Politico: Governors Go on Defense Over Biden Officials' HBCU Land-Grant Funding Claims
From Politico …
Some governors aren’t too happy with the Biden administration's take on funding for land-grant historically Black colleges and universities in their states.
The top officials from both parties are on the defense after Education Secretary Miguel Cardona and Agriculture Secretary Tom Vilsack urged them this week to boost funding for the institutions.
“We know mass standardized letters make for flashy headlines, but the fact is Missouri’s land-grant HBCU, Lincoln University, and all public higher education institutions have seen generational investments under Governor Parson’s Administration,” a spokesperson for Missouri Republican Gov. Mike Parson said in a statement to POLITICO. He added that the university has seen a 63 percent increase in land grant general revenue since the governor took office.
“We’re putting in the work to do better in Missouri. With this letter, we wonder if the federal government is focused on the same or just another distraction from their failed policies."
Key context: An analysis from the Education Department found that inequitable state funding to HBCU land-grant institutions compared to their peer land-grant institutions ranged from $172 million to $2.1 billion in 16 states, including Missouri, Tennessee and Maryland.
“Unacceptable funding inequities have forced many of our nation’s distinguished Historically Black Colleges and Universities to operate with inadequate resources and delay critical investments in everything from campus infrastructure to research and development to student support services,” Cardona said in a statement.
The Second Morrill Act of 1890 required that states, mainly ones a part of the former Confederacy, either show that admission was not restricted by race or establish a separate land-grant institution for Black students to attend. In states that established a land-grant institution for Black students, the law requires that funds are equitably distributed between the two institutions.
What they’re saying: Georgia's Fort Valley State University President Paul Jones, who chairs the Council of 1890s which represents the 19 land-grant HBCUs, applauded the administration for its efforts, saying that states need to step up.
“States are challenged, we understand, trying to meet all of its needs. You have two land-grant institutions within these states,” Jones said in an interview. “I think it’s a matter of ensuring that it’s a priority. In almost all of these situations, states are matching more than one-to-one for the 1862 land grant institutions so I think we have to be seen as a priority. … We’re not competing, we’re actually working together.”

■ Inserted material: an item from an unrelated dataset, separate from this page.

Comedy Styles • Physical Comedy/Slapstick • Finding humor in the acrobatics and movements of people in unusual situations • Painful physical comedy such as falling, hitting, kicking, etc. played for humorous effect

POLITICO contacted the offices of all 16 governors that received a letter from the Biden administration and received responses from six officials at the time of publication of this article.
In Arkansas, a spokesperson for Republican Gov. Sarah Huckabee Sanders said that a “politically charged letter from the Biden administration bureaucrats won’t change her commitment to working with our partners in the legislature.”
Louisiana Gov. John Bel Edwards, a Democrat, said the state is “still trying to figure it out.” The governor said that he’s asked officials at the state level to meet with federal ones.
“They’re saying there’s a $1.1 [billion] underinvestment in Southern [University] relative to [Louisiana State University] over a 30-year period and point to a federal statute that I think dates back to 1890 when land grant universities came into existence,” Edwards said on the radio show "Ask the Governor" on Wednesday. “If a state accepted land grant assistance from the federal government, then there were certain legal requirements, and so we’re trying to figure out whether that was aspirational, whether that was mandatory and so forth.”
In Maryland and Tennessee, both government offices touted the investments that their respective governors — Democrat Wes Moore and Republican Bill Lee — have made for HBCUs.
In North Carolina, Democratic Gov. Roy Cooper’s office recognized the inequities in funding. The state houses the largest HBCU in the country, North Carolina A&T State University, and Cooper plans on responding to the secretaries’ letter, according to his press secretary.
“These institutions are an important part of North Carolina’s history and our future. It is wrong that these institutions have been underfunded since their inception,” Cooper’s press secretary said in a statement to POLITICO.